Private Token Slots lets you build confidential token vaults on Solana where:

• Balances are encrypted (no one sees how much anyone holds)
• Transfers happen privately (sender, receiver, amount all hidden)
• Only the vault owner can decrypt balances

┌─────────────────────────────────────────────────────────┐
│                    Your Token Vault                      │
├─────────┬─────────┬─────────┬─────────┬────────────────┤
│  Slot 0 │  Slot 1 │  Slot 2 │  Slot 3 │  ... Slot 255  │
│  [ENC]  │  [ENC]  │  [ENC]  │  [ENC]  │     [ENC]      │
└─────────┴─────────┴─────────┴─────────┴────────────────┘
          ↓ Transfer 50 from Slot 0 → Slot 1
┌─────────┬─────────┬─────────┬─────────┬────────────────┐
│  [ENC]  │  [ENC]  │  [ENC]  │  [ENC]  │     [ENC]      │
└─────────┴─────────┴─────────┴─────────┴────────────────┘
    All balances remain encrypted throughout!

---

How It Works

Architecture

┌──────────────┐     ┌──────────────┐     ┌──────────────┐
│  Your Client │     │    Solana    │     │    ZKSDK     │
│              │     │              │     │  Coprocessor │
│ 1. Generate  │     │ 3. Vault CPI │     │              │
│    FHE keys  │────→│    to Oracle │────→│ 4. Compute   │
│              │     │              │     │    on FHE    │
│ 2. Encrypt   │     │              │     │              │
│    transfer  │     │              │     │ 5. Return    │
│              │     │              │◄────│    result    │
│ 6. Decrypt   │◄────│              │     │              │
│    (only you)│     │              │     │              │
└──────────────┘     └──────────────┘     └──────────────┘

What happens at each step:

1. Generate FHE keys — You create keys locally.
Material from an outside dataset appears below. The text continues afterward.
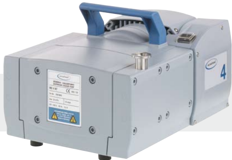
MD 4 NT 3.8 m 3 /h 1 mbar

Your secret key (clientKey) never leaves your machine.
2. Encrypt transfer — You encrypt the transfer details (which slot, how much). No one sees the plaintext.
3. Vault CPI — Your vault program sends the encrypted request to the coprocessor via Solana.
4. Compute on FHE — The coprocessor does math on encrypted data. It updates balances without knowing what they are.
5. Return result — New encrypted balances are written back to your vault on-chain.
6. Decrypt — Only you can decrypt and see the actual balances.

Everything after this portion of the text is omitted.